Ripercorriamo la storia dell’Eurovision Song Contest attraverso i suoi vincitori, dai primi anni fino alle edizioni più recenti. Un viaggio tra Paesi, artisti e cambiamenti che raccontano l’evoluzione della musica europea.
L’Eurovision Song Contest, spesso chiamato semplicemente Eurovision, è una delle competizioni musicali più longeve e seguite al mondo. Nato nel 1956 con l’obiettivo di unire i Paesi europei attraverso la musica, nel corso dei decenni è diventato un vero e proprio fenomeno culturale internazionale.
Ogni anno artisti provenienti da diverse nazioni si sfidano sul palco con brani originali, dando vita a uno spettacolo che combina musica, identità nazionale e intrattenimento televisivo.
Analizzando i dati complessivi delle vittorie dal 1956 ad oggi, emergono alcuni Paesi che hanno ottenuto risultati particolarmente significativi.
In cima alla classifica troviamo l’Irlanda e la Svezia, entrambe con 7 vittorie. L’Irlanda ha trionfato negli anni ‘70, ‘80 e soprattutto negli anni ‘90, con una serie impressionante di successi tra il 1992 e il 1996. La Svezia, invece, ha conquistato il primo posto in diverse epoche, con vittorie distribuite dal 1974 fino al 2023.
Subito dopo troviamo Lussemburgo, Francia e Regno Unito, ciascuno con 5 vittorie. Il Lussemburgo ha avuto il suo periodo d’oro tra gli anni ’60 e ’80, mentre la Francia ha ottenuto successi già nelle prime edizioni del concorso, a partire dal 1958. Anche il Regno Unito ha una lunga tradizione di risultati positivi, con vittorie distribuite dal 1967 fino al 1997.
Tra i Paesi con 4 vittorie troviamo Israele, Paesi Bassi e Norvegia. Israele ha ottenuto successi importanti tra il 1978 e il 2018, mentre i Paesi Bassi sono stati protagonisti già nelle primissime edizioni.
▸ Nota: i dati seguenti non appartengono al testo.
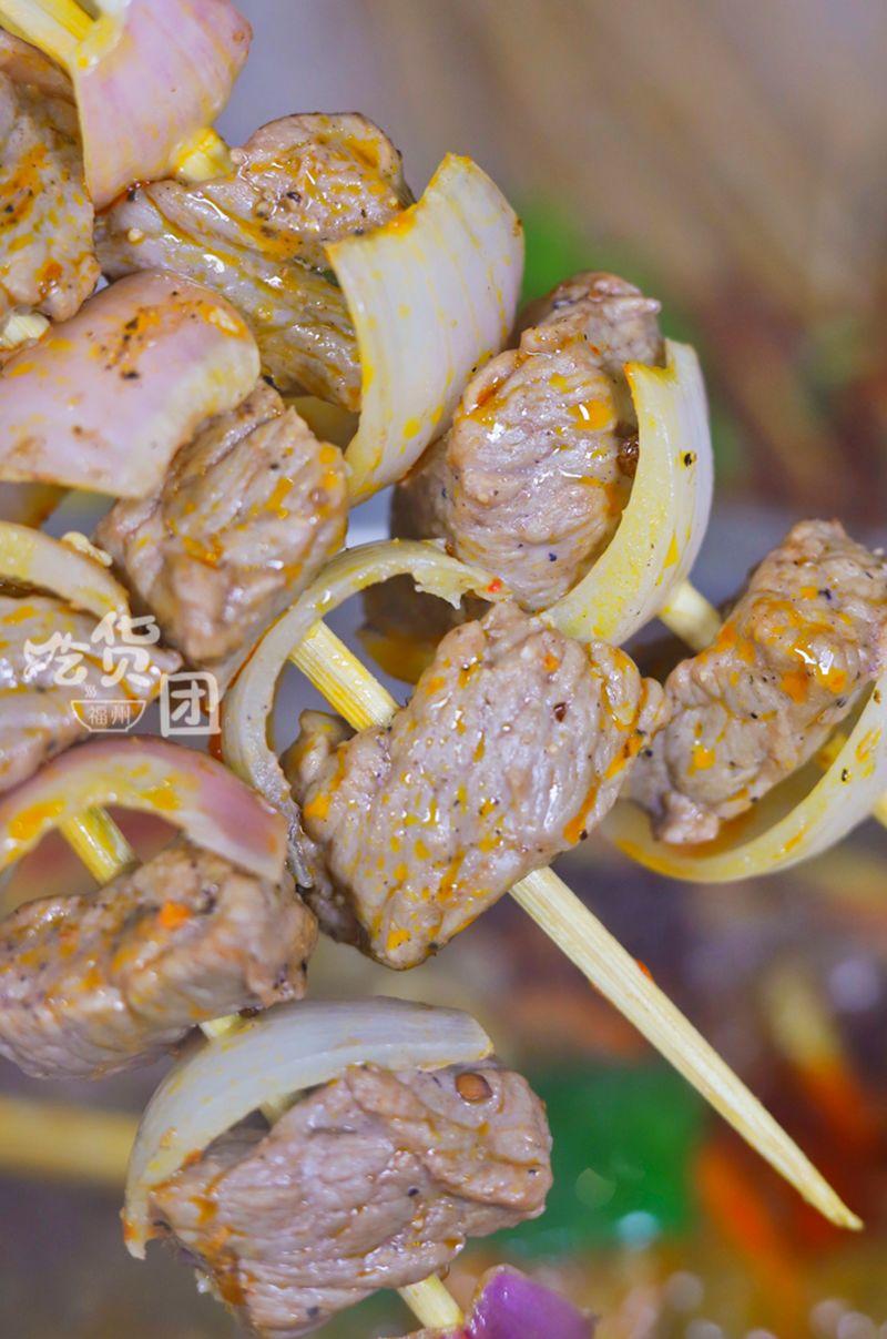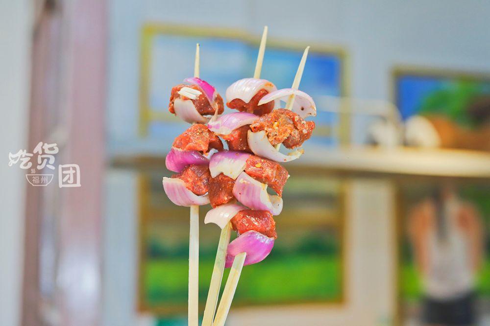 串上的牛肉只能用「塊」來(lái)形容,每一塊直徑都有3cm左右,用牙齒撕扯時(shí)肉汁會(huì)洶涌地躍進(jìn)你舌尖。對(duì)啦,連同洋蔥一起吃更香!

La Norvegia, invece, ha alternato periodi di vittoria tra il 1985 e il 2021.
Con 3 vittorie ciascuno troviamo Danimarca, Italia, Svizzera e Ucraina. Questi Paesi hanno ottenuto successi in periodi diversi, dimostrando come l’Eurovision sia un concorso estremamente flessibile e dinamico.
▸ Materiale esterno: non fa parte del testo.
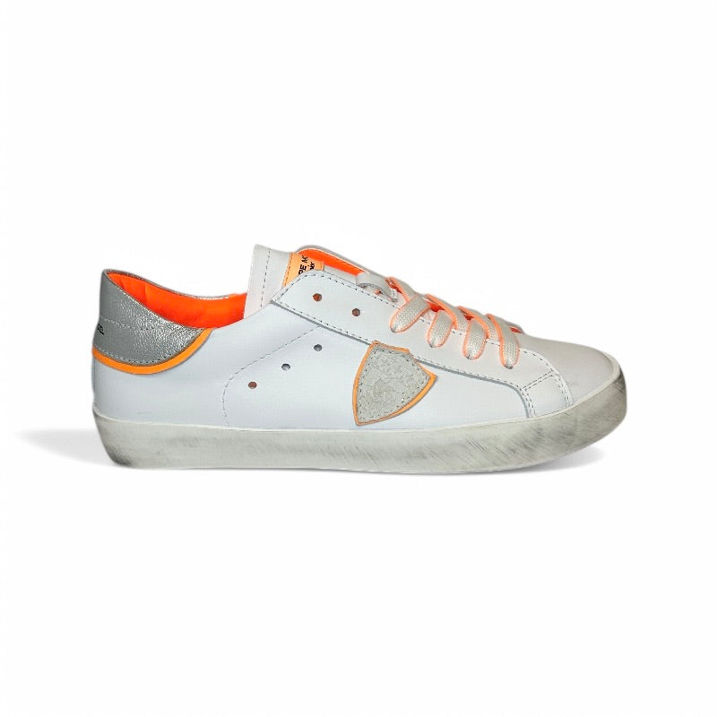 Sneakers PHILIPPE MODEL junior PARIS in pelle bianca, argento e arancio fluo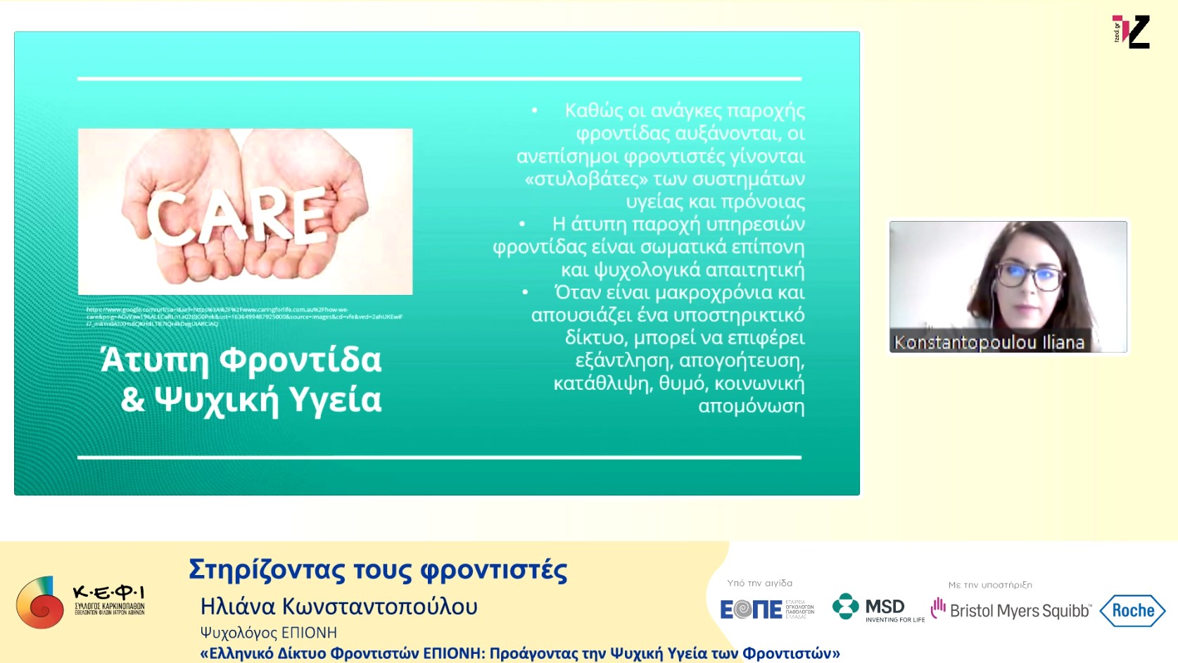 Επόμενη ομιλήτρια ήταν η κυρία Ηλιάνα Κωνσταντοπούλου, Ψυχολόγος του Ελληνικού Δικτύου Φροντιστών ΕΠΙΟΝΗ, η οποία αναφέρθηκε στους τρόπους ενίσχυσης της ψυχικής υγείας των φροντιστών. Η κα Κωνσταντοπούλου ανέφερε ότι αυτή τη στιγμή στην Ελλάδα υπολογίζεται ότι υπάρχουν πάνω από 3 εκατομμύρια άτυποι φροντιστές! Τρόποι υποστήριξης των φροντιστών είναι η παροχή επαρκούς και εντατικής φροντίδας από επίσημους φορείς, η εκπαίδευση και η συμβουλευτική των φροντιστών, τα διαλείμματα από τα καθήκοντα φροντίδας τους και η μέριμνα για τα εργασιακά τους δικαιώματα. Η άτυπη φροντίδα επιβαρύνει ψυχολογικά τους φροντιστές οι οποίοι ρισκάρουν να γίνουν και οι ίδιοι ασθενείς, Η αυξανόμενη ζήτηση απαιτεί τη λήψη σχετικών μέτρων για τη διαφύλαξη της ψυχικής τους υγείας. Απαιτούνται πολιτικές επαρκούς φροντίδας και μέτρα στήριξης των φροντιστών από την Πολιτεία.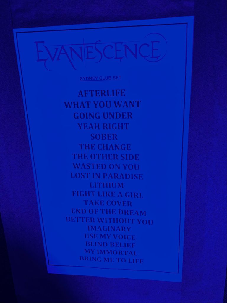 Au Metro Theatre, l'atmosphère est étrangement intimiste pour un groupe dont le son est conçu pour les arènes caverneuses. Evanescence monte sur scène avec le poids de l'histoire derrière eux et une autre étape devant eux : demain, ils soutiennent Metallica à l'Acer Arena de Sydney, mais ce soir, c'est de plus près et plus personnel pour les fidèles.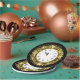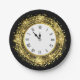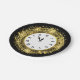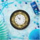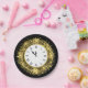 Design features bright, sparkly gold confetti in the round and a clock in Roman numerals. White face/black hands.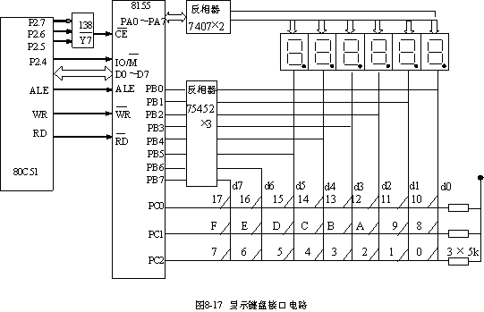 80C51系统单片机的显示键盘接口电路是多种多样,常用的显示键盘接口芯片是8155。现介绍8155作为显示键盘接口的电路,如图8-17所示。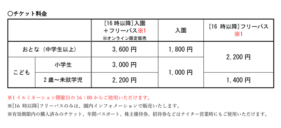 開催時間:17:00~閉園時間(11月~1月)、17:30~閉園時間(2月)、
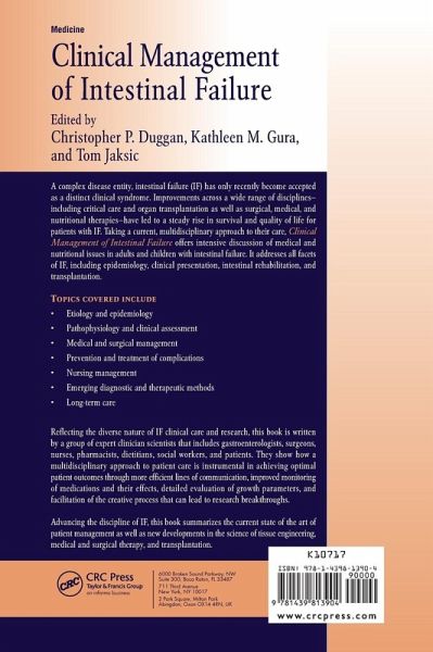 A complex disease entity, intestinal failure (IF) has only recently become accepted as a distinct clinical syndrome. Improvements across a wide range of disciplines-including critical care and organ transplantation as well as surgical, medical, and nutritional therapies-have led to a steady rise in survival and quality of life for patients with IF. Taking a current, multidisciplinary approach to their care, Clinical Management of Intestinal Failure offers intensive discussion of medical and nutritional issues in adults and children with intestinal failure. It addresses all facets of IF, including epidemiology, clinical presentation, intestinal rehabilitation, and transplantation. Topics covered include: Etiology and epidemiology Pathophysiology and clinical assessment Medical and surgical management Prevention and treatment of complications Nursing management Emerging diagnostic and therapeutic methods Long-term care Reflecting the diverse nature of IF clinical care and research, this book is written by a group of expert clinician scientists that includes gastroenterologists, surgeons, nurses, pharmacists, dietitians, social workers, and patients. They show how a multidisciplinary approach to patient care is instrumental in achieving optimal patient outcomes through more efficient lines of communication, improved monitoring of medications and their effects, detailed evaluation of growth parameters, and facilitation of the creative process that can lead to research breakthroughs. Advancing the discipline of IF, this book summarizes the current state of the art of patient management as well as new developments in the science of tissue engineering, medical and surgical therapy, and transplantation.

Da Sanremo all’Eurovision: anche l’Italia ha avuto storicamente un ruolo di primo piano nella competizione canora che è direttamente collegabile al Festival nazionale. Tocca proprio al vincitore di Sanremo, infatti, prendere parte alla gara continentale.
La prima vittoria italiana risale al 1964 con il brano “Non ho l’età” di Gigliola Cinquetti, seguita dal successo del 1990 firmato da Toto Cutugno e il suo inno patriottico “Un italiano”. Dopo un lungo periodo di assenza dai primi posti, l’Italia è tornata protagonista nel 2021, confermando la capacità del Paese di rinnovarsi e competere con le nuove tendenze musicali europee. In questo caso ad assicurarsi il premio è stato un gruppo emergente, i Maneskin, con il singolo “Zitti e buoni”.
Oltre alle vittorie, l’Italia ha spesso e volentieri fatto bella figura nella kermesse con tre secondi posti e quattro bronzi, contribuendo con artisti e brani che hanno lasciato un segno nella memoria del pubblico europeo. Limitandoci agli anni più recenti, vanno citati come esempio il quarto posto di Marco Mengoni del 2023 ma anche il sesto posto di Mahmood e Blanco del 2022 o il settimo di Angelina Mango del 2024.
L’ultima edizione è stata vinta dal cantautore austriaco di origini filippine JJ con il brano “Wasted Love”. Prima ancora avevano trovato gloria lo svizzero Nemo, la svedese Loreen e nel 2022 – nell’edizione tenutasi a Torino – la Kalush Orchestra, un duo musicale ucraino.
Menzione speciale per Loreen, prima e finora unica donna a vantare due affermazioni all’Eurovision: prima dell’ultimo successo con canzone “Tattoo”, aveva festeggiato anche nel 2012 con “Euphoria”. Il primato assoluto, però, spetta all’irlandese Johnny Logan che ha vinto due volte come interprete – nel 1980 e nel 1987 – e poi una volta anche come autore.